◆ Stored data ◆
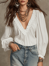 This Effortless Bohemian V-Neck Cotton Blouse is a versatile, breathable wardrobe staple that marries relaxed comfort with tasteful handcrafted details. Its airy fit and neutral styling make it easy to dress up or down — a go-to piece for warm-weather days and layered looks alike.
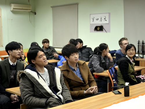 走进本部第四教室,热烈的交流在活动开始前已经展开了,在场的外国学生对中国文化都有着浓厚的兴趣。下午两点,活动准时开始,主持人安宝颖同学首先为大家播放了一段名为《礼仪之邦》的视频,视频中的演员全部着装汉服,大家都被具有独特汉民族风貌性格的服装深深吸引,为其杰出的工艺和美学啧啧称奇。
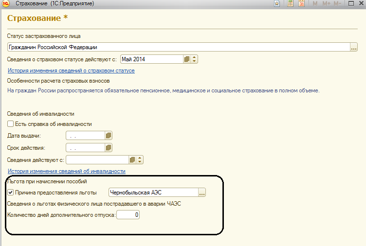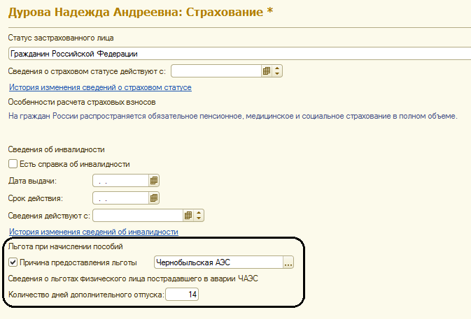 Если при расчете государственных пособий физическому лицу должна предоставляться льгота в связи с тем, что он подвергался радиации, то по ссылке "Страхование" в разделе "Льгота при начислении пособия" отмечается наличие льготы и ее основание.
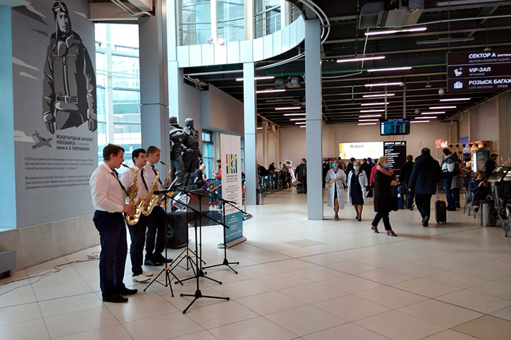 Хиты современный эстрады и джазовые композиции в исполнении трио саксофонистов и кларнет соло - вызывали восторг и восхищение у пассажиров и сотрудников воздушной гавани. Наши артисты проделали, длинны путь специально, чтобы поднять настроение тем, кто в это время испытывал минуты расставания с родными или украсить радость встречи с любимыми. Ведь язык музыки прост и понятен каждому. Музыка, как никакое другое искусство, способна проникать в душу, сердце и разум человека, наполняя их ощущениями и эмоциями.
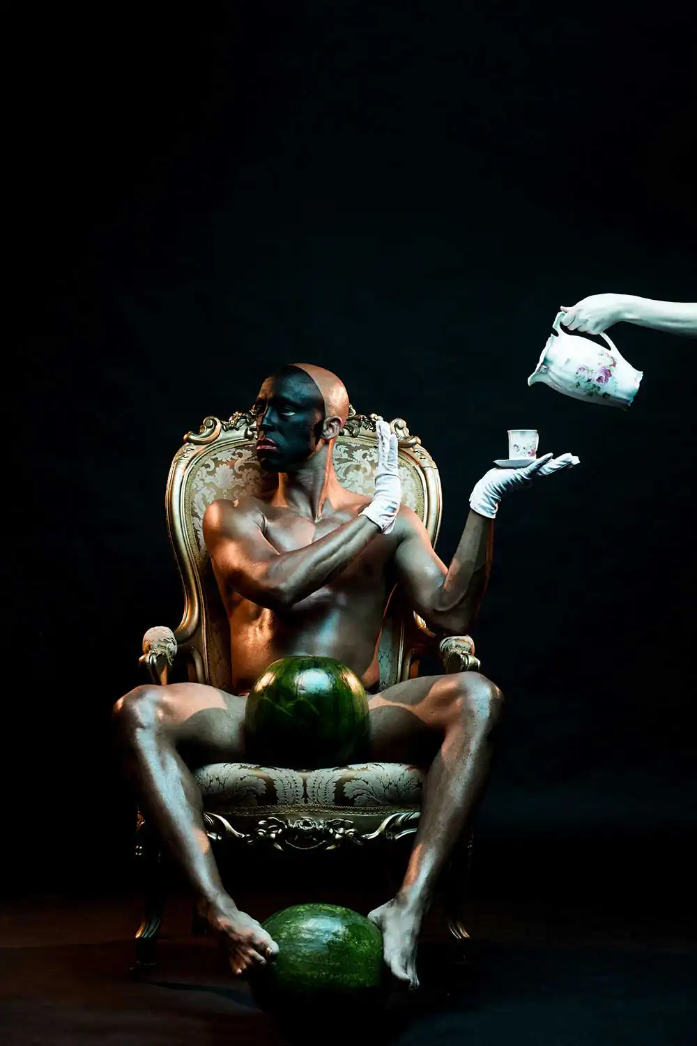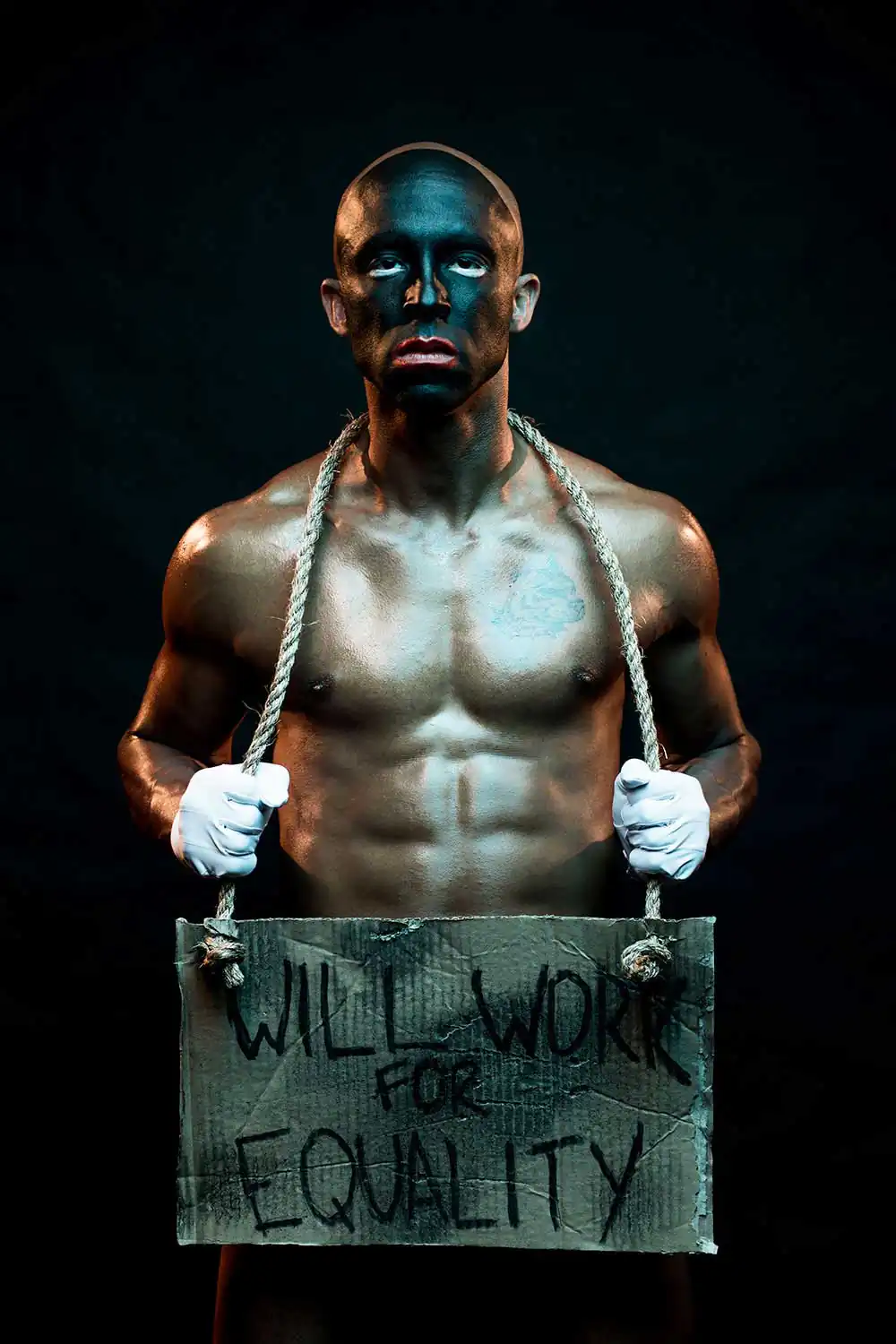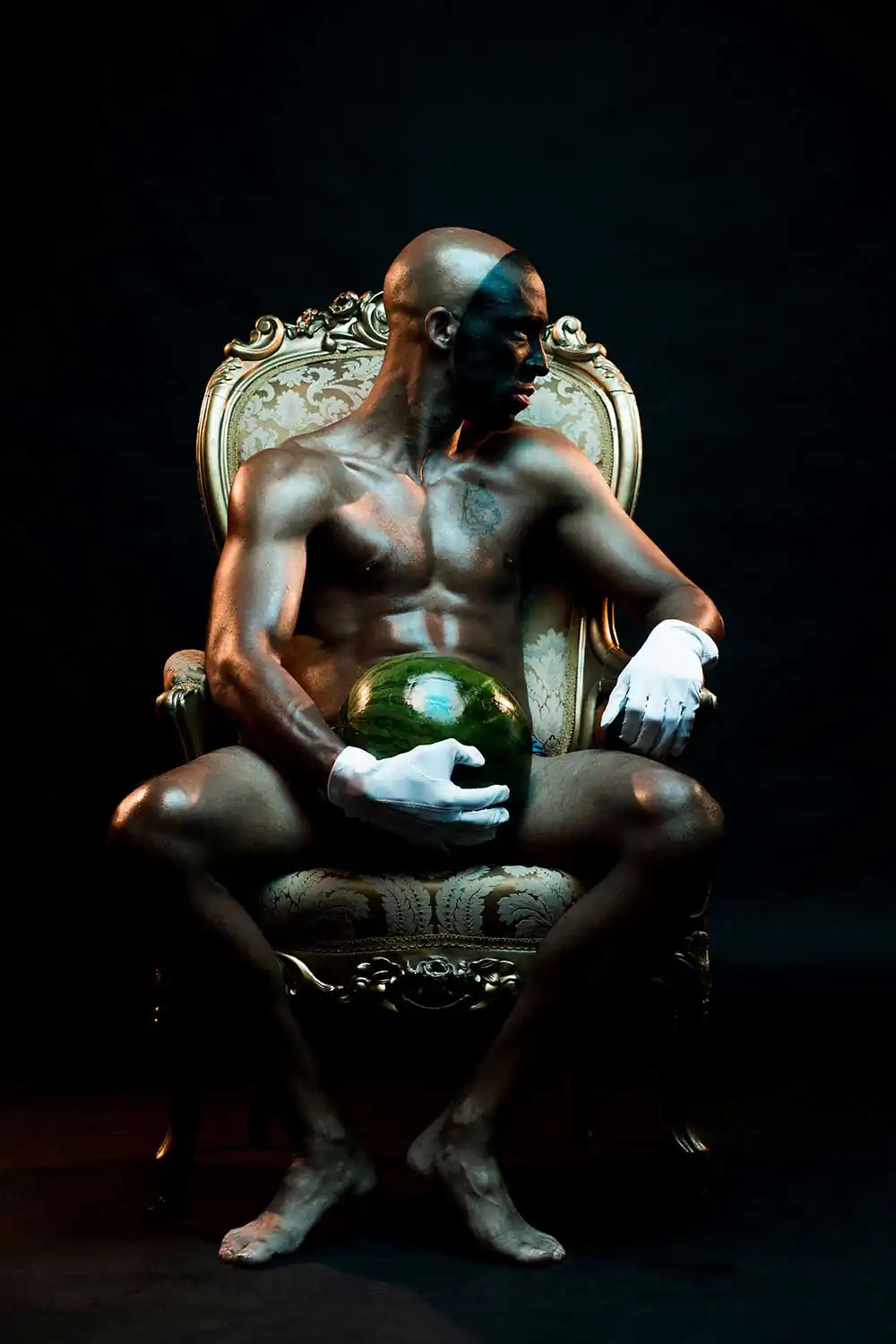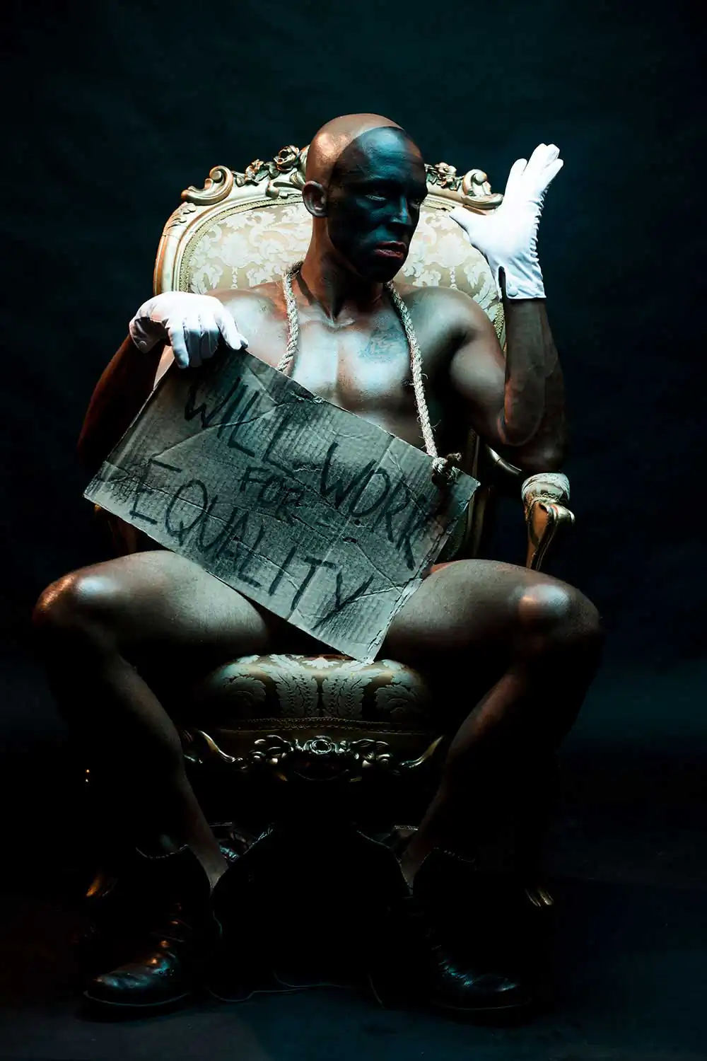 David Bianchi’s vision was to illuminate the disparity of black and minority presence in modern entertainment and media. The series begins stoic using elements of the white subservient gloves, (to indicate the role of the black person in elite white culture) against the nude form of a black man pained in blackface to make an oxymoronic image of himself. The use of the homeless sign will work for equality is a metaphor for the will to lose oneself in order to be treated fairly. As the series evolves the man uses stereotypes to re-enforce his perceived status in society, hence the glorification of the watermelon while sitting in a gold-plated throne.

◆ Required action ◆
Pictures stay out. Repeat only the lines from the beginning of the data through the line that has "走进本部第四教室,热烈的交流".

◆ Answer ◆
 This Effortless Bohemian V-Neck Cotton Blouse is a versatile, breathable wardrobe staple that marries relaxed comfort with tasteful handcrafted details. Its airy fit and neutral styling make it easy to dress up or down — a go-to piece for warm-weather days and layered looks alike.
 走进本部第四教室,热烈的交流在活动开始前已经展开了,在场的外国学生对中国文化都有着浓厚的兴趣。下午两点,活动准时开始,主持人安宝颖同学首先为大家播放了一段名为《礼仪之邦》的视频,视频中的演员全部着装汉服,大家都被具有独特汉民族风貌性格的服装深深吸引,为其杰出的工艺和美学啧啧称奇。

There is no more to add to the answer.